Of course, machines already hugely help the musical process. They can eliminate much of the drudgery of notating, recording and disseminating compositions, search for obvious errors, auto-tune singers with dodgy intonation and much else. What they don’t have, however, is the uniquely human capacity to reflect life and death, love and loss, entirely in soundwaves.

Or perhaps I should write ‘not yet’, because what’s become obvious in recent months is the huge leaps that artificial-intelligence scientists have made with their ‘large language models’ – programs drawing on databases comprising billions of words and images.

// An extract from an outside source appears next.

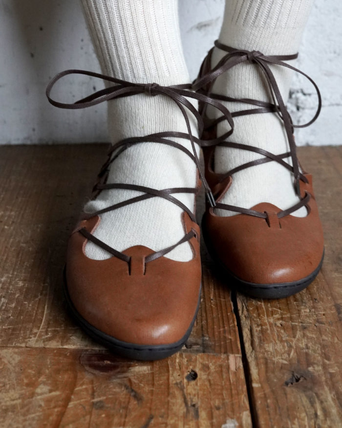 冬はもこもこ素材の暖かな靴下と合わせ、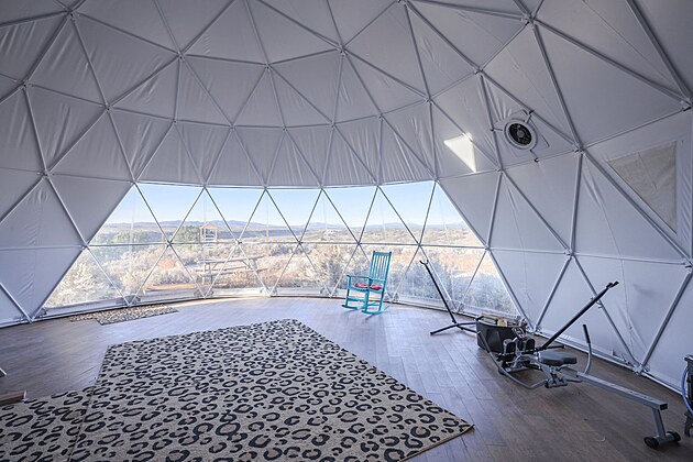 Uvnitř kupole je prostorný sál pro lekce jógy nebo wellness.

And, as a result, how astonishingly adept such universally available tools as ChatGPT have become at faking, well, anything you want really – pictures, videos, essays, business letters, even poetry.

I have no idea whether the warnings of concerned scientists about the impact of these chatbots on humanity – warnings that range from massive job losses and the increasingly dangerous spreading of fake news to the subjugation of our entire species – are credible or not. Pondering such things is well above my pay grade. But I do have a few thoughts about the impact on our artform.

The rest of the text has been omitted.